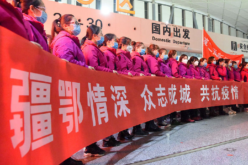新疆第二批支援湖北醫(yī)療隊隊員在出征儀式上(2020年2月4日攝)。記者 丁磊 攝
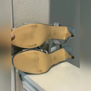 Step out in style with these elegant silver strappy heels. Perfect for any occasion, these shoes add a touch of glamour to your outfit.
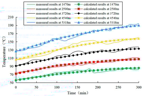 Comparison between the calculated temperature and the measured results.
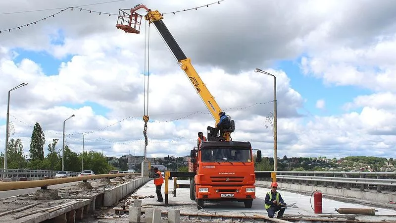 Одновременно идёт ремонт опор – строители укрепляют балки и колонны немецкими качественными материалами, штукатурят конструкции. Так что после капремонта мосту не страшны будут нагрузки и любая непогода.

__WHAT NEEDS TO BE DONE__
Nothing but the lines from the one that contains "Comparison between the" through the last line of the material should be written out, exactly. Omit pictures.

__EXPECTED OUTPUT__
 Comparison between the calculated temperature and the measured results.
 Одновременно идёт ремонт опор – строители укрепляют балки и колонны немецкими качественными материалами, штукатурят конструкции. Так что после капремонта мосту не страшны будут нагрузки и любая непогода.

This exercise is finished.